LINKOPING, Sweden – American forward Chad Kolarik is adjusting to life in a new environment this season. The 27-year old forward, a consistent scorer in the AHL for much of his career to date, signed a two-year deal with Swedish side Linkoping after deciding a change was overdue.
“I thought it was time to have a change of scenery for my hockey career,” Kolarik said. “I don’t want to lose hope on the NHL, but I just felt becoming an AHL player would hurt more than help.”
Kolarik is eager to buck the trend of those confined to the minor league and he still harbours ambitions of locking down a full-time spot in the NHL someday.
“Some players get labelled as strictly AHL players and I want to break that trend, so I decided to play a couple of years here and then see if I can continue my NHL dream after that.”
Linkoping have made a bright start to the current campaign and Kolarik says he is enjoying his time in Sweden, both on and off the ice.
“Linkoping has been amazing. My wife and I love the city and the country. Linkoping has a small-town feel but also has all the amenities of a big city in Sweden. It reminds us of Ann Arbor, Michigan where we went to college.”
“The league is very competitive from top to bottom and any team can win on any given night. The passion the fans show for their teams is amazing and packed rinks make a change from the AHL.”
“The style of game is definitely different, it’s much more defensive in Sweden. Honestly, I tried to change my game to fit in and did not have much success, so I went back to my North American style of play. It’s worked out pretty well.”
Kolarik singles out established Linkoping forwards Par Albrandt and Simon Hjalmarsson as players that have impressed him and says that he has turned to both for advice.
“I like picking their brains about positioning and certain things they do on the ice, especially on the powerplay. They find the open areas and use the big ice to their advantage and I need to learn to do that. It’s a process but I am expanding that aspect of my game.”
In terms of opposing teams, Kolarik feels the physical North American element to Lulea and Skelleftea’s play will make them stern opposition this year.
“Both teams are at the top of the standings and they play more of a North American style with lots of forechecking and physical play.”
Linkoping’s league-best powerplay has proved to be a difference-maker so far and Kolarik has played his part in their success with the man advantage.
“The powerplay has been a huge success so far and it’s one of the main reasons why we have done so well to start the season as a team. We haven’t been great defensively as a unit, but we are working on that.”
One of the more obvious adjustments for Kolarik has been the no-touch icing system used in Sweden, something he feels limits offensive play.

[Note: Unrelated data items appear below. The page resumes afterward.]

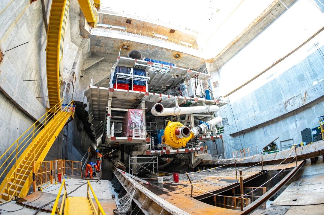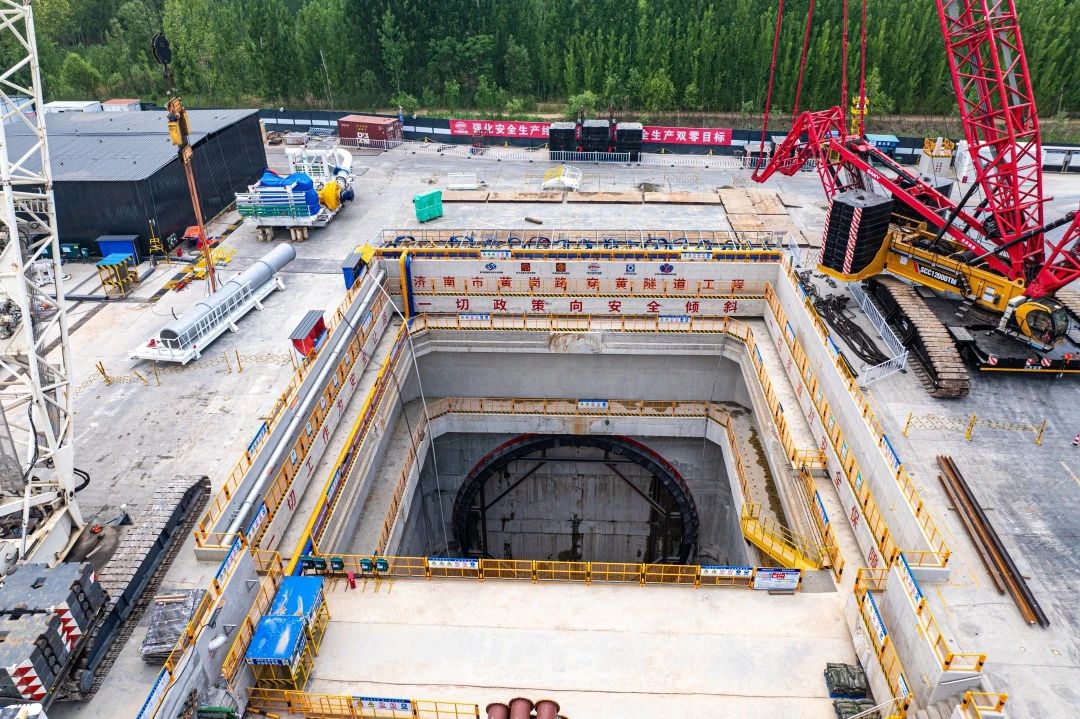 近日,由濟(jì)南城市建設(shè)集團(tuán)負(fù)責(zé)建設(shè)的濟(jì)南市黃崗路穿黃隧道工程迎來又一重要節(jié)點(diǎn),世界在建最大直徑水下泥水平衡盾構(gòu)“山河號”盾構(gòu)機(jī)首件完成吊裝下井,開始拼裝施工,項(xiàng)目計(jì)劃9月份實(shí)現(xiàn)盾構(gòu)始發(fā)。
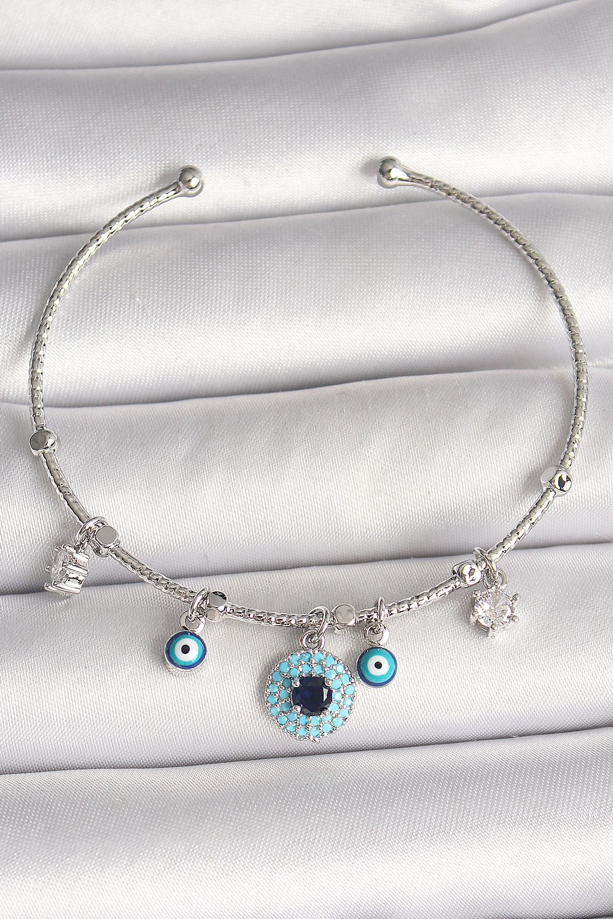 YRTCL Pirinç Gümüş Renk Sallantı Zirkon Taşlı Nazar Boncuk Figür Charm Kadın Bileklik
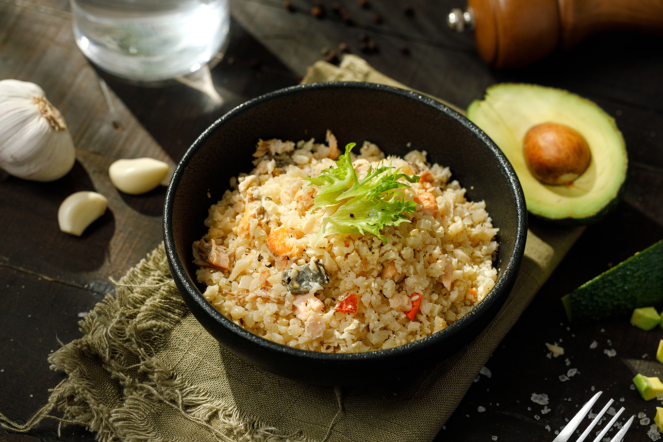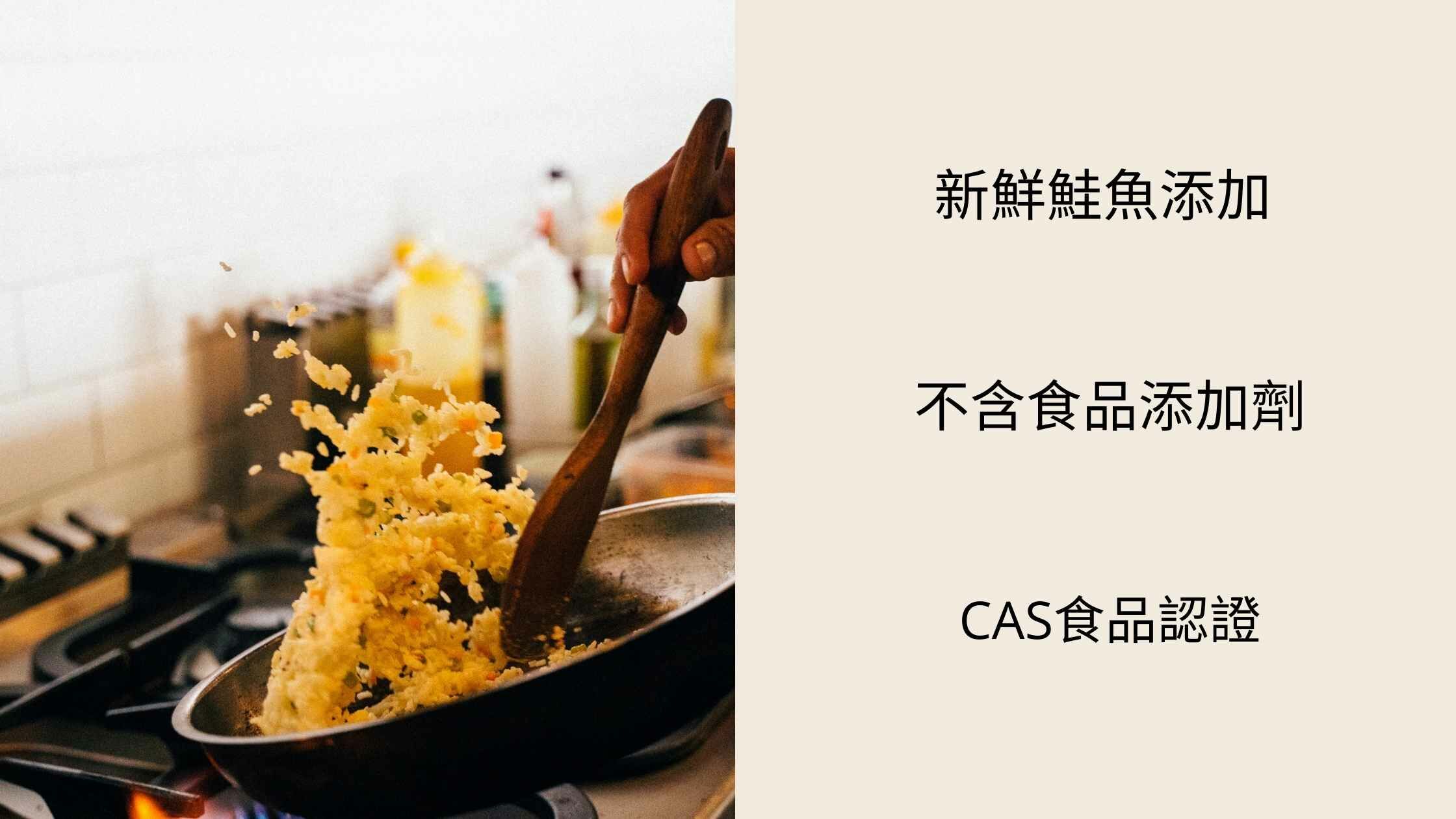 經過精心挑選和預備的鮭魚碎肉、新鮮花椰菜和香氣濃郁的蒜香。無需繁瑣的準備工作,即可在家中獲得經典的鮭魚花椰菜米炒飯。

“I do think no-touch icing slows the game down and keeps scoring chances and goals down. That’s one reason why the SHL should look in to changing their icing rule, this would allow for more goals and we know the league needs more scoring.”
In contrast, he welcomes the introduction of hybrid icing to NHL arenas.
“I think hybrid icing is something that will keep players safe and also keep the game moving. The game is moving in the right direction with player safety and implementing rules that will lead to less stoppages and more scoring chances.”
Before moving to Sweden, Kolarik spent time with the New York Rangers and Pittsburgh Penguins, two organisations he speaks very highly of.
“Both the Rangers and Penguins are first class. The quality of coaches and facilities in both organisations is top of the league. Nothing but great things to say about my time with them.”
A severe knee injury sidelined Kolarik throughout the 2011-12 season just as many expected him to challenge for an NHL roster spot in New York. Upon return, he was traded to the Penguins in a deal that saw Ben Ferriero head to Broadway.
“I do think the knee injury derailed my shot at the NHL, I think I was close before I got hurt. When I returned I didn’t find my game right away and I think the Rangers lost patience with me. The Penguins took me in and I found my game during my time there, but that was a tough line-up to crack after I got traded.”
“I am concentrating on my time here in Linkoping but I definitely still have a goal of making the NHL.”